— Я тебя запомнил, как ты ночью шакалил, — сказал я и потянулся, чтобы ухватить «мойщика» за рукав куртки.
Он увернулся и кинулся меж рядами четырёхместных двухъярусных коек в смрадно-сизый мрак узких проходов и поворотов. Испугался, что придётся ответ держать за крысятничество. Блатные подобную самодеятельность карали жестоко-показательно. Воровство без их разрешения или не по прямой указке считалось нарушением «закона». И наказывали шакалов не за то, что украли, а за то, что попались.
Первым, пока никого не было вблизи, заговорил Генка, торопливо и испуганно:
— Юр, не зови меня Генкой. Я хляю за сухаря. Имя и фамилия у меня другое.
— За какого «сухаря»?
— С воли ментам зафонарил. Когда крутанули нас с Колей Питерским в Оренбурге. За карман.
— Как теперь тебя зовут?
— Ваня. Хабибуллин.
— Да ты ж на татарина не похож.
— Я поначалу шутя фукнул. А мент в протокол записал. Ну и пошло: Хабибуллин, Хабибуллин… Ваня.
С горьким отчаяньем я понял, почему Гундосика кликали не только Балериной, — придумал же какой-то гад это издевательски-насмешливое прозвище, — но и общественной женой Ванюшкой.
— Сколько тебе намотали?
— Скоро выскочу. Два месяца и девять дней осталось.
Наступило тяжкое молчание. Я с мукой усваивал факт, что Балерина — ни какой не Балерина, а Генка Сапожков.
— Юр, помнишь, мы хотели рвануть с тобой в самый красивый город на свете — в Ленинград? Удалось тебе?

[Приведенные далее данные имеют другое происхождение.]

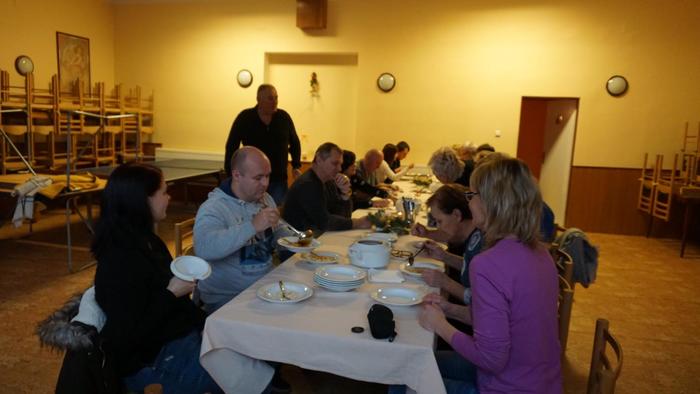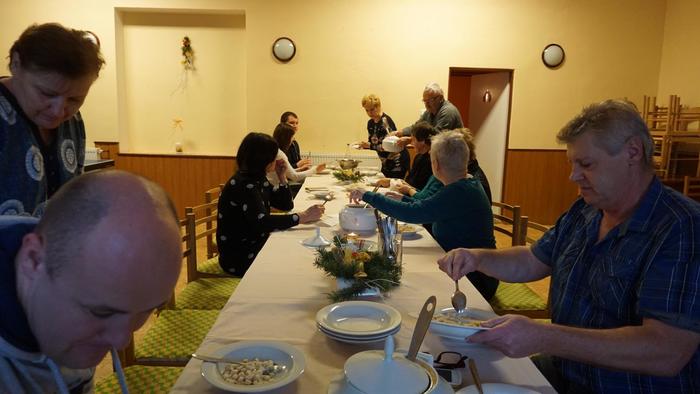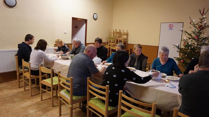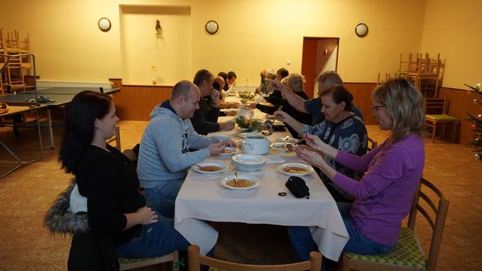 Oslava Vánoc a tradiční polévka, netradičně v prostorech obecního úřadu z důvodu špatného počasí.

Меня удивило что Гундосик, в такую минуту, здесь, вспомнил о нашей мальчишеской мечте. Даже упоминание о ней сейчас выглядело нелепо.
— Нет, не привелось.
— Мне — тожа, — оживился Генка. — До Оренбурга успели докатить с Колей Питерским. И ещё с одним. Гастролёром. Сифилитиком, тоже Колей. Фартовый урка. Ежели б меня в малолетку тада не загнали, Коля не дал бы меня обидеть — авторитетный урка. Он за меня завсегда мазу держал. Он бы их всех самих на четыре кости поставил.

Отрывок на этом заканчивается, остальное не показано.